Потом открылись курсы парикмахеров, и Алексей окончил их…
Я просыпаюсь от проклятий Алексея. Часов пять-шесть утра. В темном сеновале через каждую щель туго натянулись золотые, дымные полотнища света. Куры подняли гвалт, ищут место, где бы снести яйца. Алексей швыряет в них своими туфлями, потом Шуриными.
Я вскакиваю, спускаюсь по лестнице, прижимая к груди книгу…
Мы с Володькой забираемся на крышу, лежим в укромном местечке и несколько часов читаем вслух…

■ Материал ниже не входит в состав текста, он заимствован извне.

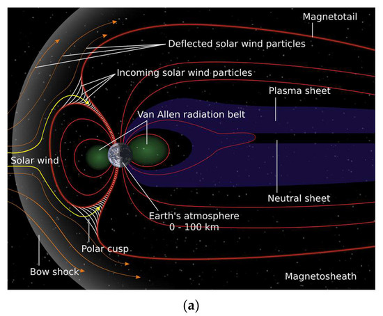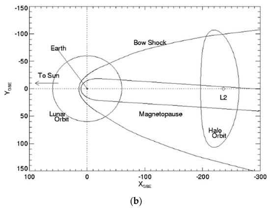 (a) Schematic simplified structure of Earth’s magnetosphere; (b) Earth–Moon system, magnetotail, magnetopause, bow shock, and halo orbit around L2 [15].
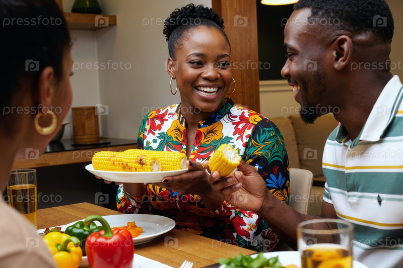 Молодая чернокожая женщина делится кукурузой с друзьями во время ужина, собирающегося в помещении

С этого дня книга Марка Твена сделалась нашей любимицей. Потом мы отыскали «Приключения Гека Финна» и совсем ошалели от нее. Мне хотелось быть Томом, Володьке — тоже. Я вздохнул и великодушно предложил:
— Ладно. Будь ты.
Он заколебался, но тут же решительно заявил:
— Это несправедливо! Давай тянуть жребий. Соломинка длинная — Том, короткая — Гек.
Я вытянул короткую.
Индейцы для нас померкли. Мы — Том и Гек. Новосибирск стал Питсбургом. Обь превратилась в Миссисипи, Медвежий остров в остров Джексона. Очень мы жалели, что в нашем городе не было негров.
Книги эти захватили меня на несколько лет. Я перечитывал их и перечитывал. Только кончу, а на другой день опять начинаю.
Ночами спускался с сеновала и мяукал под окном Володьки. Так же Гек вызывал Тома. И Володька вылезал в окошко.
Мы шли с ним на кладбище сводить бородавки. Или убегали на нашу Миссисипи. Или предпринимали таинственное, ночное путешествие с одного конца квартала на другой, не касаясь земли.
В кромешной тьме пробирались по заборам и крышам. С гавканьем бросались собаки, гремели цепями, из домов выскакивали хозяева. Того и гляди, заметят нас, примут за воров, схватят, а то и из ружья пальнут…
Нина
После поездки на «святой ключ» Нина тяжело заболела. Что-то случилось у нее с желудком.
Она все реже и реже ходила в церковь. И мне казалось, что это не из-за болезни. Что-то происходило у нее в душе тайное, трудное.
Доктора велели ей съездить в Сочи. Дома как-то ухитрились, собрали деньги на путевку. Месяц Нина прожила возле моря. Она впервые увидела юг.
Вернулась Нина посвежевшая, оживленная. Улыбаясь, она рассказывала о море, о сочинских парках, о цветах, о пальмах, о Кавказе.
И вдруг однажды оказала:
— Если я не вытяну, умру, я завещаю вам: уезжайте жить в те места! Это рай на земле! Исполните мое желание.
Я впервые увидел ее молоденькой девушкой, радующейся жизни, а не постной, молчаливой монашкой, отринувшей все земные соблазны.
За эти недолгие дни, пока она чувствовала себя сносно, Нина, вроде бы, совсем отошла от церкви.
Скоро ей стало хуже, она слегла. А через месяц все было кончено. В один из глухих осенних вечеров началась агония. Сестра вздрагивала, задыхалась, ее мутные глаза уже ничего не видели, слабеющие руки все хватались за цепочку креста на шее.
Мать судорожно обнимала ее, будто старалась удержать на земле.
Алешка кинулся за доктором; Мария, Шура, мама толпились возле кровати.
Я бросился к Коробочке, где выпивал отец. Вместе со мной побежал и Володька. Мой крик сорвал отца с места.
Испуганный, он приподнял Нину за плечи. Голова ее мертво запрокинулась на спину.
— Оставь! — выдохнула мать. — Пьян ведь!
Кровать стояла между ними. Перегибаясь через умирающую к матери, отец закричал шепотом:
— Это ты искалечила ее, змеюга подколодная! Ты! И попы твои долгогривые. В монашки ее сомущали! Постами морили. Ухлопали девку!
— Очнись, окаянный! Ведь дочь умирает! — выкрикнула мать.
Отец кинулся к ней, мы схватили его. Мать угрожающе подняла над головой руки, сжала кулаки, но ничего не сказала, опустилась на колени перед кроватью.